Today is World Psoriasis Day →[More:]
I've had psoriasis since I was 8, in varying degrees of severity over the years. The last few years, it's been as bad as I can remember it. I had a really bad outbreak in 2006 after I'd had a lot of stress for a few months, followed by some surgery. In the past I had the
plaque type but now I have the
guttate type, as well as it sometimes affecting my
fingernails. It's in my toenails too.
It often gets worse after surgery, I'm told, because the body is concentrating on healing the parts that have been operated on. A human has only a finite amount of resources, and when energy is diverted to healing more urgent things, then non-life-threatening ailments, such as psorisis, flare up.
Conventional treatment available in the UK involving steroids is really not good. It'll solve the problem in the very short term, but the long-term effects of prolonged steroid use are worse than the illness, imho.

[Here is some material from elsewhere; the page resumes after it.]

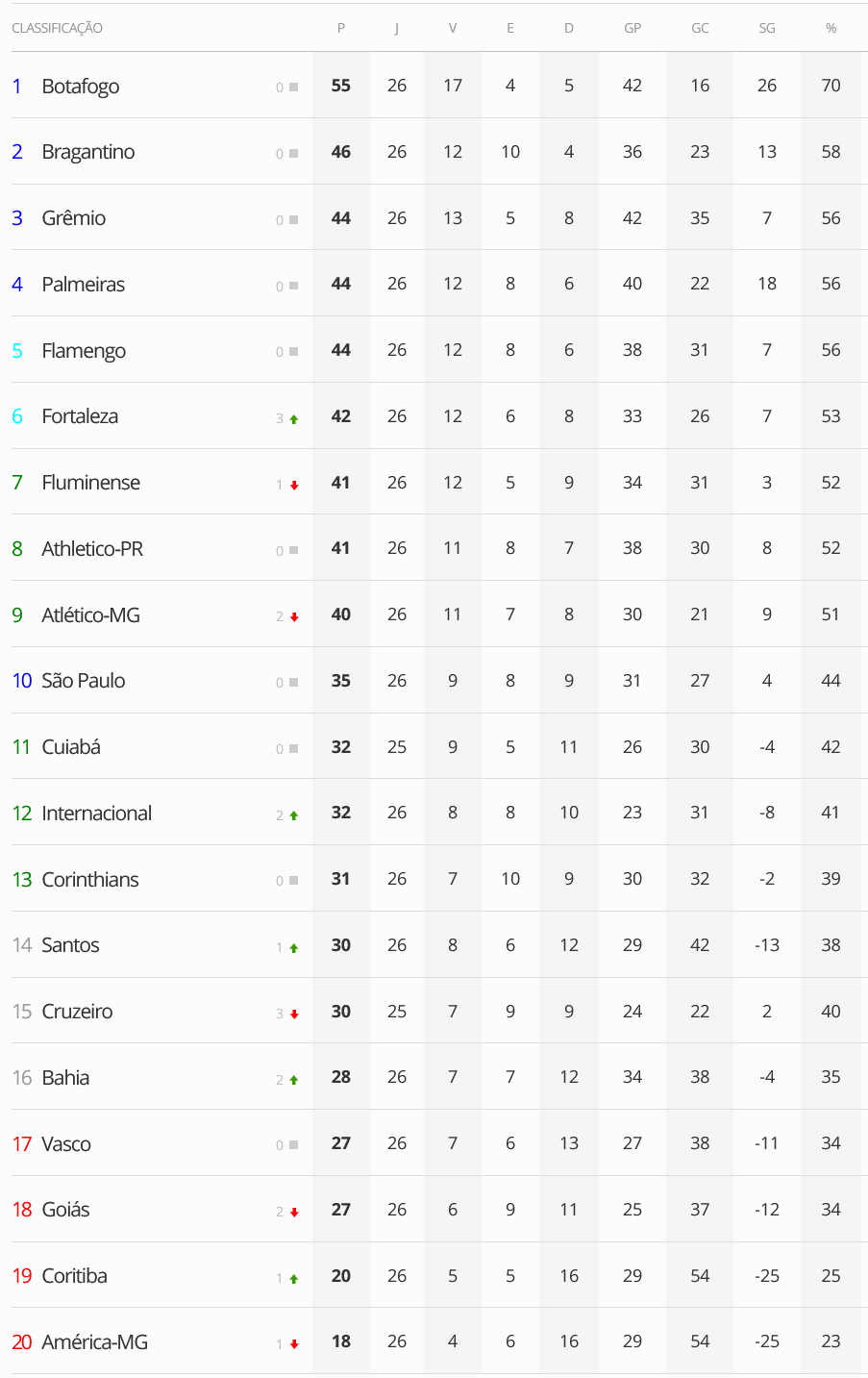 Confira a classificação após os jogos deste domingo do Brasileiro; Vasco está em 17º lugar

Diet can affect it - dairy, citrus, alcohol, processed food can all make it worse.
Sunlight definitely makes it better, as does seawater. I have the unfortunate combination, though, of psorasis on a very fair skin, so I have to be very careful in the level of sun exposure I can allow myself. It always gets worse in the autumn and winter.

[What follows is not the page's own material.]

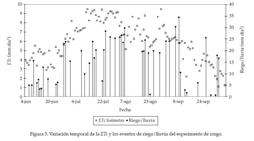 La evapotranspiración del sorgo dulce se estimó a partir de los datos de peso del lisímetro, donde se usaron datos horarios para obtener el valor diario de agua evaporada. Cuando no se pudo obtener el valor diario por diferentes motivos (lluvia, riego, corte del césped), se hizo un promedio entre el valor anterior y siguiente a ese día. Otras fuentes de error que condujeron a la eliminación de datos fueron las siguientes: la verificación del peso, calibraciones por pérdida de contacto en la celda de carga, baja de voltaje en el sistema, pérdida de contacto del cable a tierra y falla en el registro de datos (López-Urrea et al., 2006). La figura 5 muestra la ETc calculada y los eventos de riego/lluvia durante el ciclo de crecimiento del sorgo.
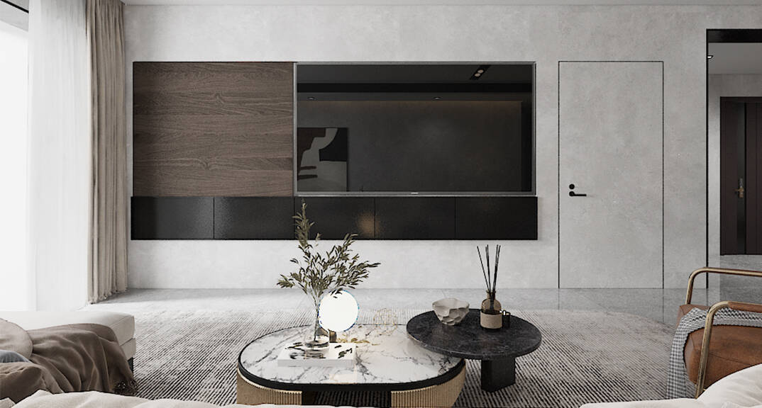 海爾世紀(jì)公館150㎡平層客廳現(xiàn)代極簡風(fēng)格裝修案例效果圖

Although it's not life-threatening or contagious, psoriasis can be debilitating, both physically (if it's the type that develops into psoriatic arthritis) but more so psychologically. There've been times when I've felt as if I have the plague and it's stopped me from taking part in some activities - swimming, nights out. I can't wear little strappy tops in the summer, because it's all across my shoulders. I've seen people recoil in horror in the changing room at the gym - it's understandable. It looks horrible. I always try to use one of the private cubicles at the gym.
It's one of those illnesses where it's easy enough to try to treat the symptoms (with varying degrees of efficacy) but much harder to cure it, because the actual cause of it isn't really known - it may be triggered by stress, it might be an auto-immune disease, there are a hundred different explanations for the cause of it.
So for now, I live with it. Sometimes with quiet acceptance, other times raging.